_Description of the task:_
What you give back should be exactly the opening lines of the data, ending with the line that contains "2016年12月20日,陈妍" and including it.

_Records for the exercise:_
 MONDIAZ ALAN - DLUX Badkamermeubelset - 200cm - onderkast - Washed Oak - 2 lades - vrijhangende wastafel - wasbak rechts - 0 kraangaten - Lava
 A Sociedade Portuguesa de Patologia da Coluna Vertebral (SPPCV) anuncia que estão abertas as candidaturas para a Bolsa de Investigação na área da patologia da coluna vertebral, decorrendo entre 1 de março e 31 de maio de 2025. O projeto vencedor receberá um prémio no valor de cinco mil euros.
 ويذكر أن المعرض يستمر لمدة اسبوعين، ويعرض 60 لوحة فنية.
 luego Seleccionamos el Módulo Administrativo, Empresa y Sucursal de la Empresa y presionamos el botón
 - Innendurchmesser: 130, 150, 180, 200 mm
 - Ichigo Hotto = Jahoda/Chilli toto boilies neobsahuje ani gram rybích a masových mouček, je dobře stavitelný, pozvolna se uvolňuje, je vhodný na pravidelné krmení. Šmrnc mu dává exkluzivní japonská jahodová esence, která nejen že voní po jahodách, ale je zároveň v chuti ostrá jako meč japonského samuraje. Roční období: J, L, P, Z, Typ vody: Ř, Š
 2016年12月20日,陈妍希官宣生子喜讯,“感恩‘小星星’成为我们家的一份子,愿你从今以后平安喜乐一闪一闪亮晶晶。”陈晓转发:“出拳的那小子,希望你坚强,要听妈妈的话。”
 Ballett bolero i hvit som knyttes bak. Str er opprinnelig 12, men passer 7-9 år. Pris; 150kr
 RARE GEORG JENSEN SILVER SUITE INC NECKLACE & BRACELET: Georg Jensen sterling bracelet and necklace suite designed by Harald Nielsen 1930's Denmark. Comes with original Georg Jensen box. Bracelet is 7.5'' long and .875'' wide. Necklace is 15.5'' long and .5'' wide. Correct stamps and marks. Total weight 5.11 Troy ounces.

_Finished task:_
 MONDIAZ ALAN - DLUX Badkamermeubelset - 200cm - onderkast - Washed Oak - 2 lades - vrijhangende wastafel - wasbak rechts - 0 kraangaten - Lava
 A Sociedade Portuguesa de Patologia da Coluna Vertebral (SPPCV) anuncia que estão abertas as candidaturas para a Bolsa de Investigação na área da patologia da coluna vertebral, decorrendo entre 1 de março e 31 de maio de 2025. O projeto vencedor receberá um prémio no valor de cinco mil euros.
 ويذكر أن المعرض يستمر لمدة اسبوعين، ويعرض 60 لوحة فنية.
 luego Seleccionamos el Módulo Administrativo, Empresa y Sucursal de la Empresa y presionamos el botón
 - Innendurchmesser: 130, 150, 180, 200 mm
 - Ichigo Hotto = Jahoda/Chilli toto boilies neobsahuje ani gram rybích a masových mouček, je dobře stavitelný, pozvolna se uvolňuje, je vhodný na pravidelné krmení. Šmrnc mu dává exkluzivní japonská jahodová esence, která nejen že voní po jahodách, ale je zároveň v chuti ostrá jako meč japonského samuraje. Roční období: J, L, P, Z, Typ vody: Ř, Š
 2016年12月20日,陈妍希官宣生子喜讯,“感恩‘小星星’成为我们家的一份子,愿你从今以后平安喜乐一闪一闪亮晶晶。”陈晓转发:“出拳的那小子,希望你坚强,要听妈妈的话。”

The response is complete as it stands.